Pierre, is at Church on Good Friday. His son is at the Front and he is bringing his fears to Church. He describes his transformation from just a man with earthly worries: his fears and his anguish, into the purest flame “burning at the foot of (my) Creator.”
Don’t laugh at how high handed that sounds. The whole passage arrested me because of the beauty of his transformation from regular guy, husband, father, business man to being “face to face with Christ, and (having) God listen to him”.
I was struck by the beauty of this moment and wish I could have it for myself. I am known. I am loved. (You know that old saw about worries shared are worries halved).
It is a reckoning, if not a relief to be stripped down of our outward trappings, our conceits and failures and stand before, if not God, than ourselves. Ah…there I am. Just me. Just little old me, naked and alone. Just me. Laying my fears, my fears for my children, my husband, my life, my little dog, my nation—just laying all those things aside.
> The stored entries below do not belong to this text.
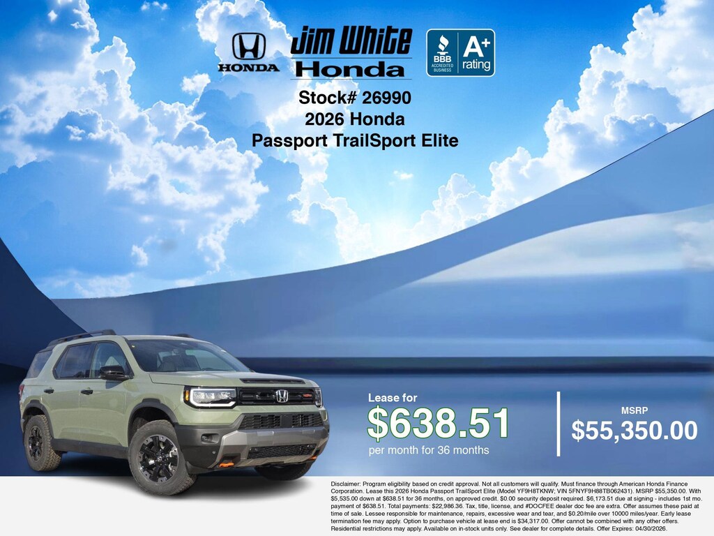 These offers leverage the benefits of Honda Financial Services, along with current Honda incentives, Honda Passport TrailSport Elite specials, and tax incentives available on electric vehicles. Additionally, we offer 11 other Passport TrailSport Elite options for the best selection in Maumee. Call or drive in for competitive Honda lease offers you can drive home today, like this stunning 2026 Honda Passport with lease options near Maumee! This Passport is also available for sale near Toledo, Perrysburg, and Waterville. These Honda lease specials end 4/30/2026 Disclaimer: Disclaimer: Program eligibility based on credit approval. Not all customers will qualify. Must finance through American Honda Finance Corporation. Lease this 2026 Honda Passport TrailSport Elite (Model YF9H8TKNW; VIN 5FNYF9H88TB062431). MSRP $55,350.00. With $5,535.00 down at $638.51 for 36 months, on approved credit. $0.00 security deposit required. $6,173.51 due at signing - includes 1st mo. payment of $638.51. Total payments: $22,986.36. Tax, title, license, and #DOCFEE dealer doc fee are extra. Offer assumes these paid at time of sale. Lessee responsible for maintenance, repairs, excessive wear and tear, and $0.20/mile over 10000 miles/year. Early lease termination fee may apply. Option to purchase vehicle at lease end is $34,317.00. Offer cannot be combined with any other offers. Residential restrictions may apply. Available on in-stock units only. See dealer for complete details. Offer Expires: 04/30/2026.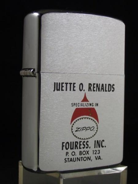 | 詳細: | 1963’ SALESMAN ZIPPO JUETTE O,RENALDS FOURESS,INC.P.O,BOX 123 STAUNTON.VA |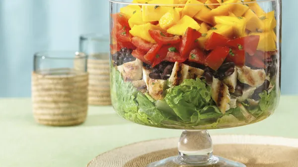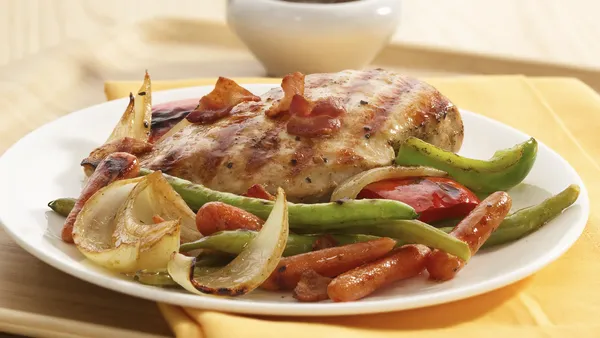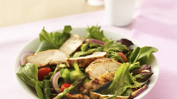 Step3Toss salad greens, peaches, onion and bell pepper in large bowl; divide evenly among 8 plates. Top with chicken. Drizzle with vinaigrette.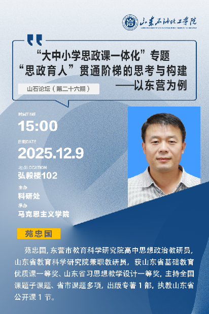 通知:【山石论坛(第26期)】“大中小学思政课一体化”专题“思政育人”贯通阶梯的思考与构建——以东营为例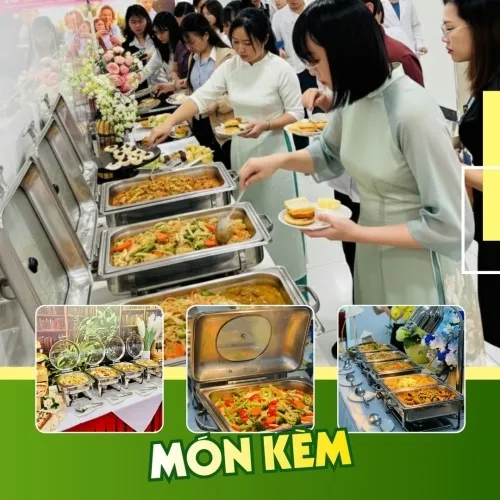Toàn bộ món ăn được bày theo hình thức buffet và hâm nóng liên tục, đảm bảo luôn giữ nhiệt, giúp khách dùng bữa thoải mái, thuận tiện và không lo món ăn bị nguội trong suốt thời gian tiệc. Dịch vụ tiệc buffet tận nơi tại văn phòng, công ty đã bao gồm trọn bộ setup: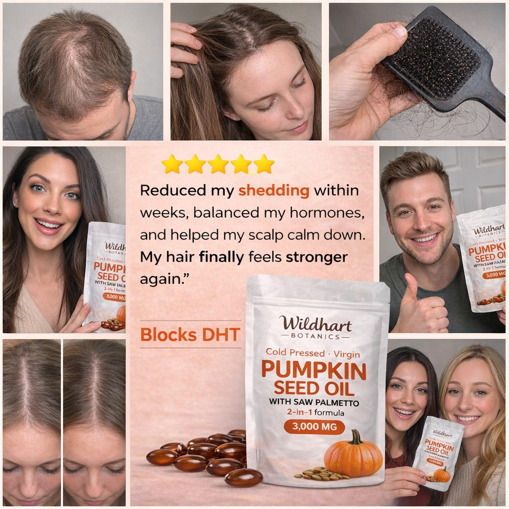Most supplements overpromise and underdeliver. Our pumpkin seed oil + saw palmetto formula targets DHT pressure naturally—helping you stabilize shedding without harsh medications.

I have no control. I cannot fix everything. Some things I can tinker with but, really not to any lasting effect.
I lay myself down knowing that all the love in the world, the research, the thought, the intention will be no cure for the world’s woes.
We pray because that is all we can do. Send out our hopes and fears and then carry on. Don’t lose faith. Mitigate your losses, my friends. Try to do no harm. Try to love no matter what. Try… and lay the rest at God’s feet. Better hers/his, than mine.